I put the genres in a dropdown menu in the Flask application. When a user selects a genre, Javascript code runs to filter out any comedy specials that are below a topic weight threshold of 0.2 for that genre.

genre Filtering comedy by genres generated through topic modeling.

Search Engine Recommender with Content-Based Filtering

The second feature was an opportunity for me to build my first recommender system with content-based filtering. My Flask app doesn’t have a large user base or any sort of “rating” functionality, so obviously collaborative filtering was not an option.

recommender Search term recommender with content-based filtering

The main input to the recommender is a text field for which the user is asked to describe the type of comedy they want to see. When the user submits the text, it is treated similarly to a document from the main corpus: cleaned, transformed, and vectorized to the same format. It is then transformed using the NMF pre-fit on the comedy transcript corpus and assigned weights for each of the five topics.

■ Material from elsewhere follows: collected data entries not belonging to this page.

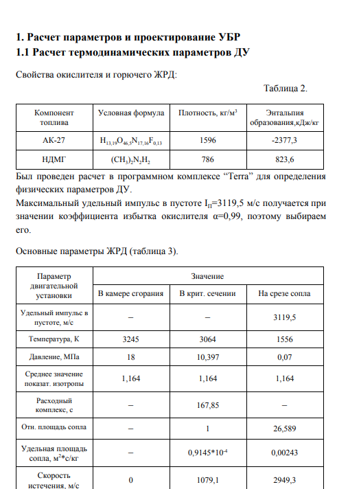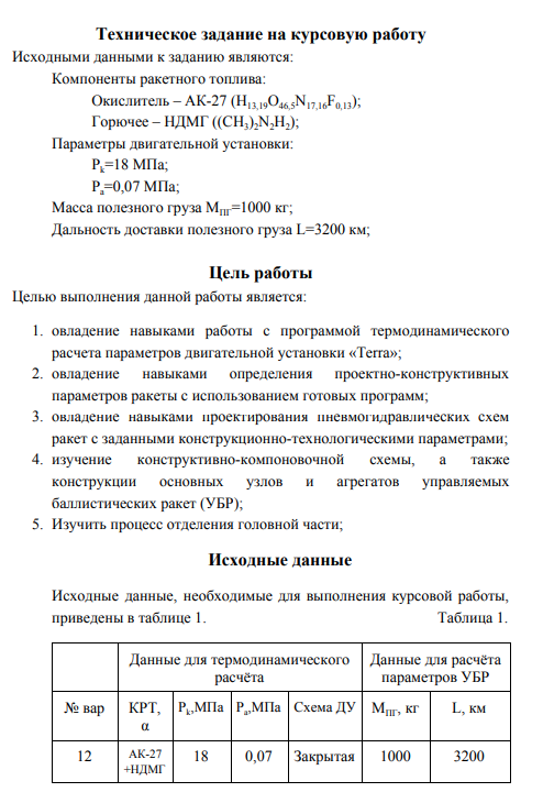 Исходными данными к заданию являются: Компоненты ракетного топлива: Окислитель – АК-27 (H13,19O46,5N17,16F0,13); Горючее – НДМГ ((CH3)2N2H2); Параметры двигательной установки: Pk=18 МПа; Pa=0,07 МПа; Масса полезного груза МПГ=1000 кг; Дальность доставки полезного груза L=3200 км;
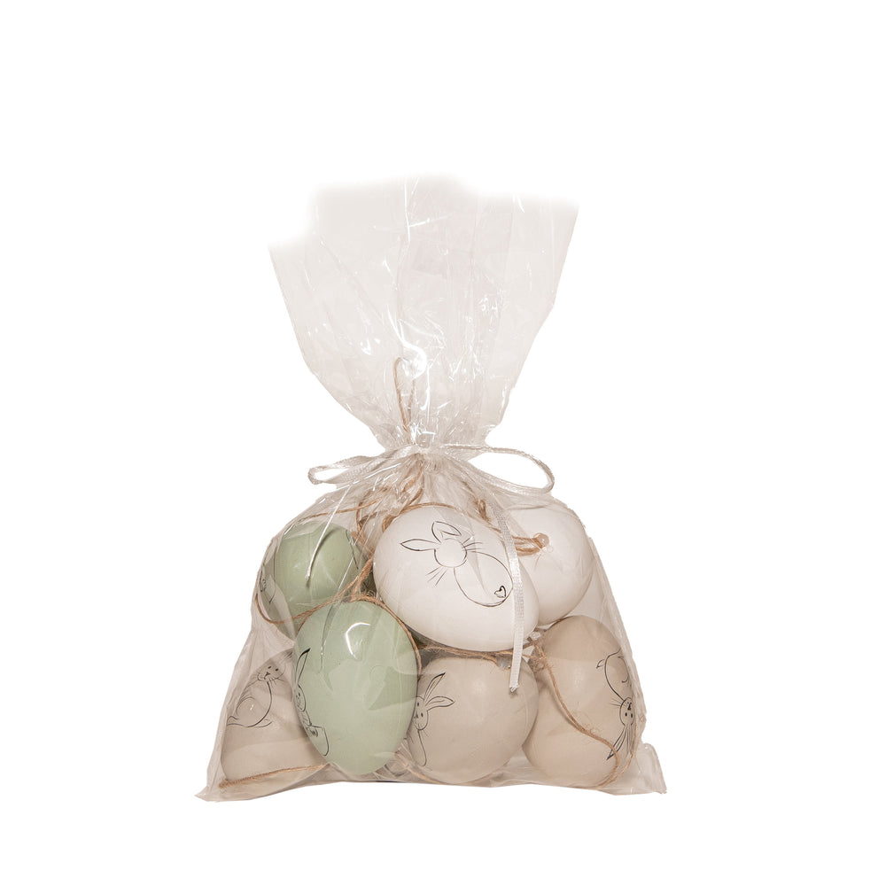 PAASEIEREN 9 STUKS MET HAAS PRINT IN ZAKJE HAAS GROEN WIT
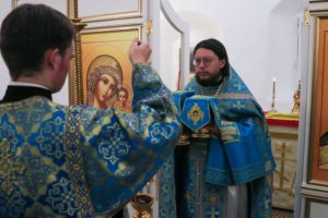 По окончании богослужения игумен Ферапонт поздравил молящихся с престольным праздником и поблагодарил за молитвенное участие в первом богослужении возрожденного храма.
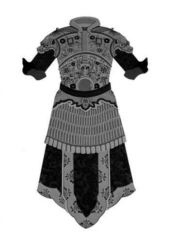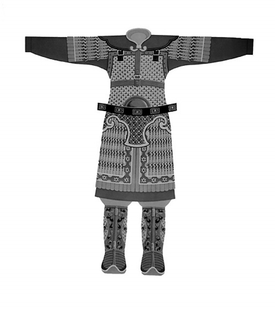 另外还有绢甲,它一般不用于实战,只是宫廷侍卫、武士的戎服,这种铠甲用图案华美的绢或织锦作面料,内衬数层厚帛制成。和皮甲、铁甲一样,绢甲上也镶有皮革、金属制造的饰件,穿着更利索、更得体。
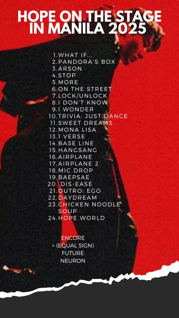 It was clear throughout the concert that j-hope poured his heart into every detail of this tour. Seeing the overwhelming love from Filipino ARMYs, hearing the chants of “j-hope!” fill the SM Mall of Asia Arena, and witnessing his growth as an artist made it a night that none of us will ever forget. Hope on the Stage in Manila wasn’t just a concert — it was a celebration of how far j-hope has come, and a reminder of how much love he inspires across the world.

Finally, the cosine similarity is calculated between the search term topic weights and each document (comedy special) in the transcript’s topic weights. The top 10 comedy specials with the largest cosine similarity with respect to the search term are recommended to the user.

Final Thoughts

Before learning about NLP or working on this project, I never thought of language as something that can be broken down, quantified, and processed by linear algebra. However, by using mathematical techniques and allowing a computer to determine patterns in human speech, we can learn a lot about how language works and what makes us laugh or identify with a particular set of thoughts.

This project also presented me with an ethical challenge when an unsupervised learning algorithm outputted comedy genres that fell within cultural and ethnic bounds. I got a lot out of learning to carefully navigate sensitive words, topics, and potential algorithmic bias.